There is a small amount of data that will continue to go to the old database before the conversion is complete, not because anything is lost in the conversion but because of timing, the data is converted then the database switched and the duration was in our case in the order of about two minutes, this was recoverable and timed for least impact.

Setup

  • Apache 2.2
  • MySQL 5.1 (before)
  • PostgreSQL 9.2 (after)
  • OpenX 2.8.11 (patched)
  • py-mysql2pgsql 1.6

Preparation

Initial testing with OpenX and PostgreSQL showed high compatibility and confirmed conversion was viable.  The only deficiency was with the storage of images in the database and this was not a requirement as performance is poor and not used here.

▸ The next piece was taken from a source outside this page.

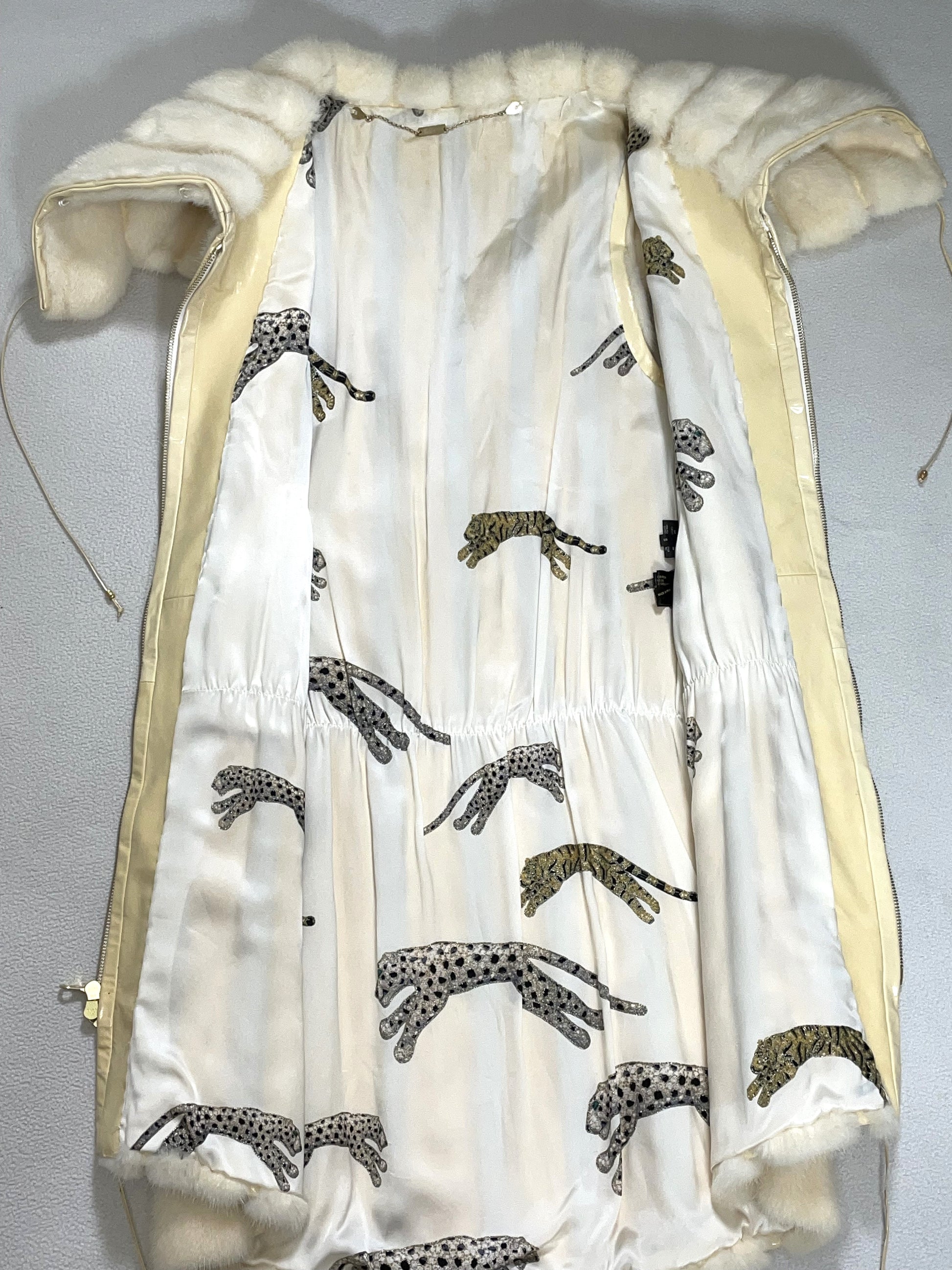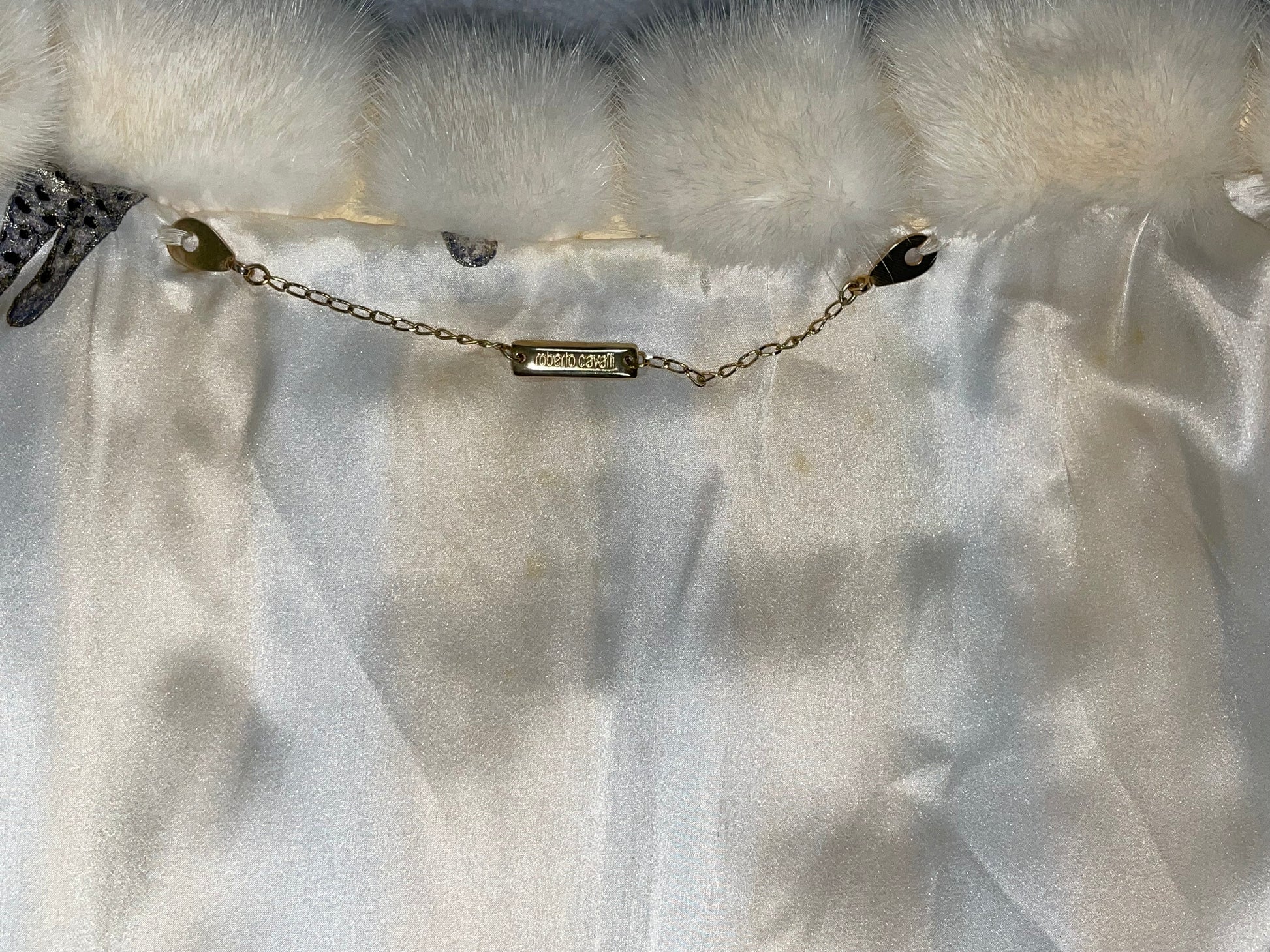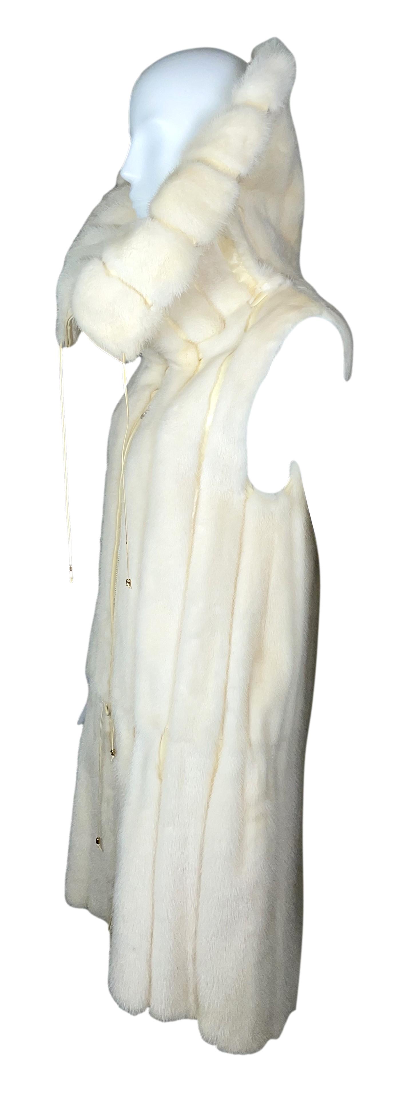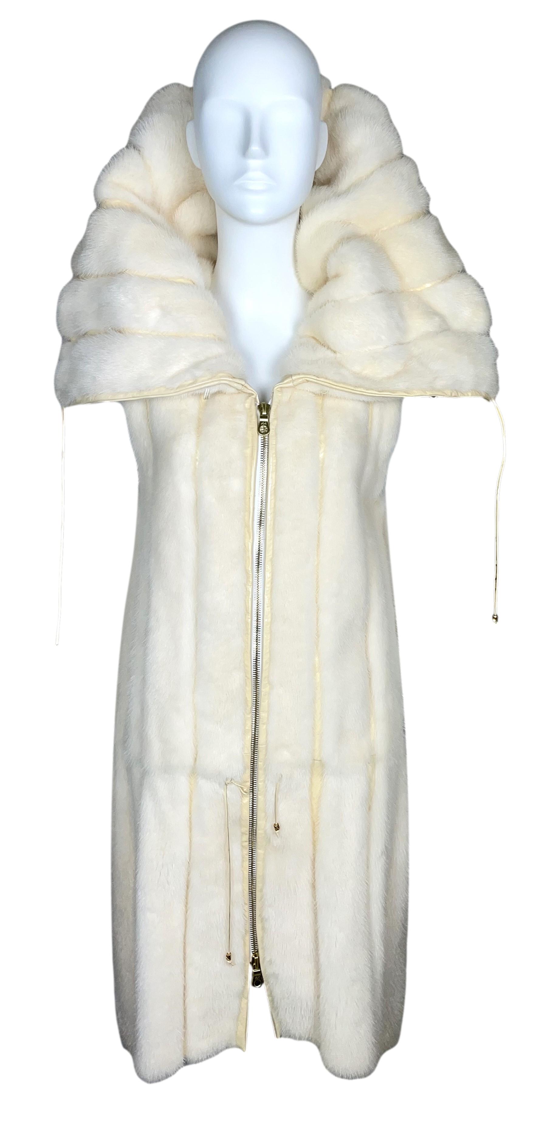 F/W 2002 Roberto Cavalli Runway Ivory Mink Fur High Collar Vest Dress Coat

Data conversion with mysql2pgsql

Python mysql2pgsql version 1.6 was used for the conversion (available on GitHub) and the mysql2pgsql.yml configuration file follows.

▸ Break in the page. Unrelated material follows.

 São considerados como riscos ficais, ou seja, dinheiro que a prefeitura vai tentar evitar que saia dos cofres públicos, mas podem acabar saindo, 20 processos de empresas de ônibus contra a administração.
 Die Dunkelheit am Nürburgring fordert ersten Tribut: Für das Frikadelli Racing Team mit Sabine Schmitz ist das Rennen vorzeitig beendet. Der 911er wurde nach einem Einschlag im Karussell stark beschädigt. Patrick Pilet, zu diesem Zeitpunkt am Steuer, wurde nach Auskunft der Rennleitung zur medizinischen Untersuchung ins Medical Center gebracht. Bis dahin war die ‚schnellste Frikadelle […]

# if a socket is specified we will use that
# if tcp is chosen you can use compression
mysql:
 hostname: localhost
 port: 3306
 socket: /tmp/mysql.sock
 username: openxusername
 password: *****
 database: openx
 compress: false
destination:
 # if file is given, output goes to file, else postgres
 file: openx.sql
 postgres:
  hostname: localhost
  port: 5432
  username: mysql2psql
  password: 
  database: mysql2psql_test

# if tables is given, only the listed tables will be converted.  leave empty to convert all tables.
#only_tables:
#- table1
#- table2
# if exclude_tables is given, exclude the listed tables from the conversion.
exclude_tables:
- ox_z_0a45e1e07196fa49
- ox_z_1cd43d7ae97488e5
- ox_z_5e1c055313ce2125
- ox_z_905126a6dd8302d0
- ox_z_a6946b3d6aa54d36
- tmp_ad_zone_impression

# if supress_data is true, only the schema definition will be exported/migrated, and not the data
supress_data: false

# if supress_ddl is true, only the data will be exported/imported, and not the schema
supress_ddl: true

# if force_truncate is true, forces a table truncate before table loading
force_truncate: true

# if timezone is true, forces to append/convert to UTC tzinfo mysql data
timezone: false

When running mysql2pgsql for the first time a sample configuration is created that can be modified.  As the two databases were slightly different it was decided to create a fresh database from a new install of OpenX and then add the converted data to that rather than use the conversion script for both.  Although we could have updated the database directly in this instance it was decided to convert to an intermediate file with the option 'file: openx.sql' and without the table creation scripts using the option supress_ddl: true.  There were also a number of previous backup tables that were not required so these were excluded in the exclude_tables list.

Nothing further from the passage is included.